Read Benjamin Franklin: An American Life Online
Authors: Walter Isaacson
Tags: #Azizex666, #General, #United States, #Historical, #Revolutionary Period (1775-1800), #Biography & Autobiography, #History
The race was then on to produce the first
manned
flight, and it was won on November 21 by the Montgolfiers with their hot-air model. As a huge crowd cheered and countless women fainted, the balloon took off with two champagne-toting noblemen, who initially found themselves snared by some tree branches. “I was then in great pain for the men, thinking them in danger of being thrown out or burnt,” Franklin reported.
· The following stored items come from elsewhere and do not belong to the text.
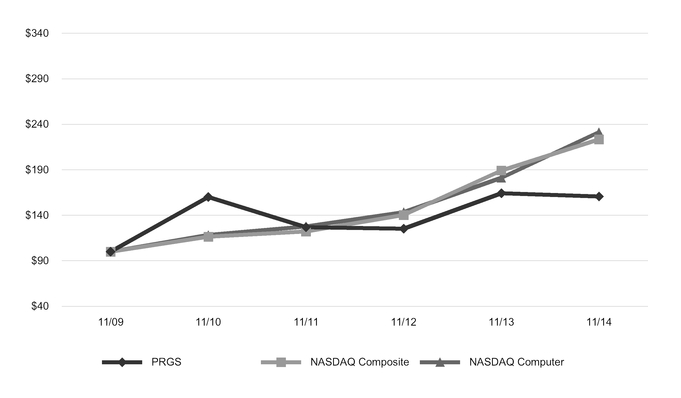 The following materials from Progress Software Corporation’s Annual Report on Form 10-K for the year ended November 30, 2013, formatted in XBRL (eXtensible Business Reporting Language): (i) Consolidated Balance Sheets as of November 30, 2013 and 2012, (ii) Consolidated Statements of Income for the years ended November 30, 2013, 2012 and 2011, (iii) Consolidated Statements of Comprehensive Income for the years ended November 30, 2013, 2012 and 2011, (iv) Consolidated Statements of Shareholders’ Equity for the years ended November 30, 2013, 2012 and 2011, and (v) Consolidated Statements of Cash Flows for the years ended November 30, 2013, 2012 and 2011.
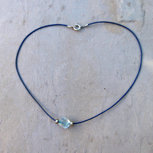 Thin Leather and Natural Topaz Gemstone necklace with Sterling Silver
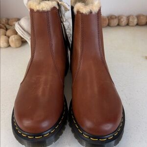 Dr Martens 2976 Leonore Chelsea Boots Faux Fur Lined in Saddle Tan Size 9 (NWOB)
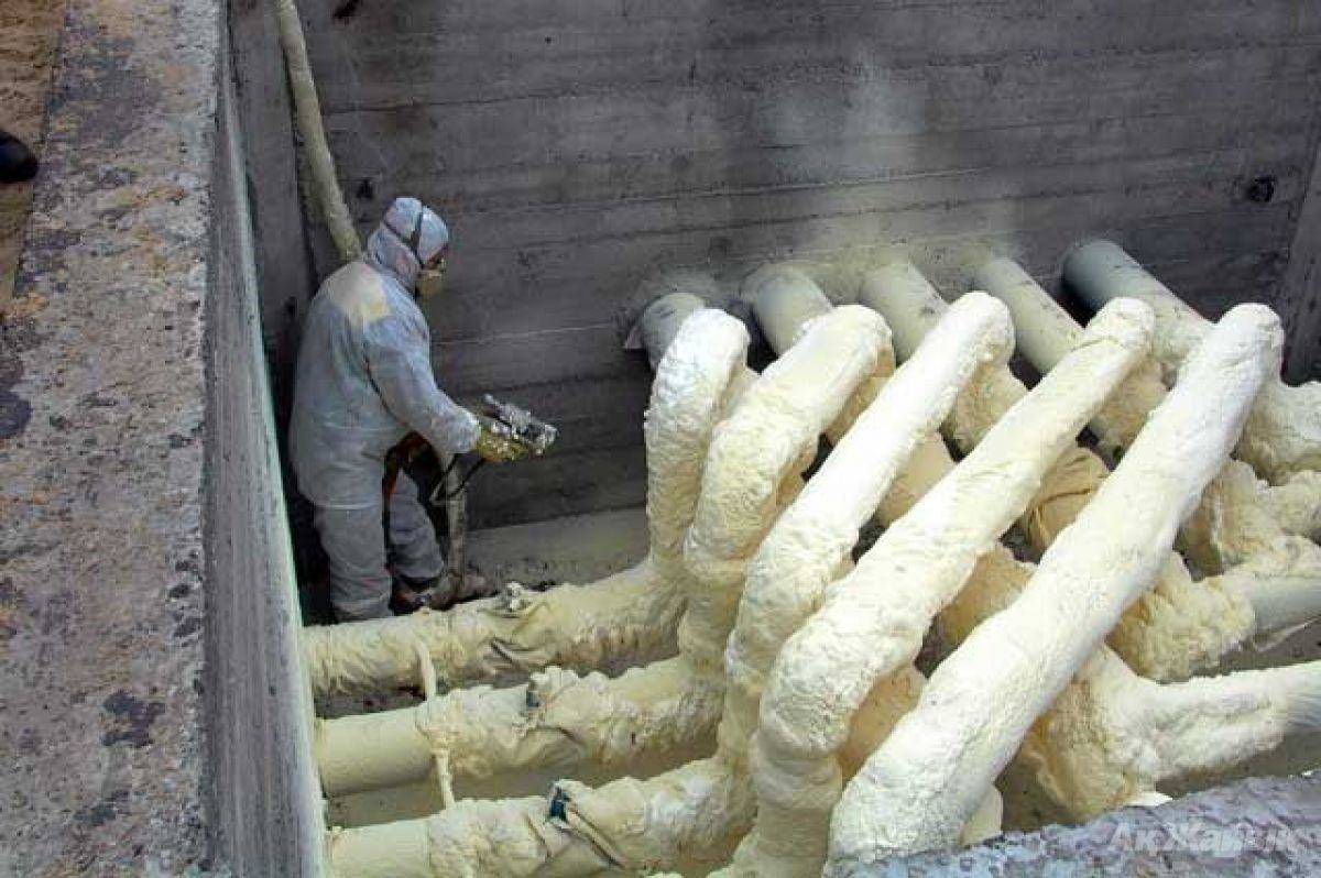 Особенность утепления методом напыления пенополиуретана в том, что теплоизоляция наносится на поверхность трубы, обеспечивая 100% герметичность (стоимость компонентов для ППУ заливки от 3,5 евро за кг).

But soon they were free and gliding their way over the Seine, and after twenty minutes they landed on the other side and popped their corks in triumph. Franklin was among the distinguished scientists who signed the official certification of the historic flight the following evening, when the Montgolfiers called on him at Passy.
The Montgolfiers believed that the lift was caused not just by hot air but also by smoke, so they instructed their “aeronauts” to ply the fire with wet straw and wool. Franklin, however, was more partial to Charles’s “inflammable air” model using hydrogen, and he helped to finance the first manned flight in such a balloon. It took place ten days later. As Franklin watched from his carriage parked near the Tuileries Gardens (his gout preventing him from joining the throng on the wet grass), Charles and a partner flew for more than two hours and landed safely twenty-seven miles away. Once again, Franklin provided a report to the Royal Society through Banks: “I had a pocket glass, with which I followed it until I lost sight, first of the men, then of the car, and when I last saw the balloon it appeared no bigger than a walnut.”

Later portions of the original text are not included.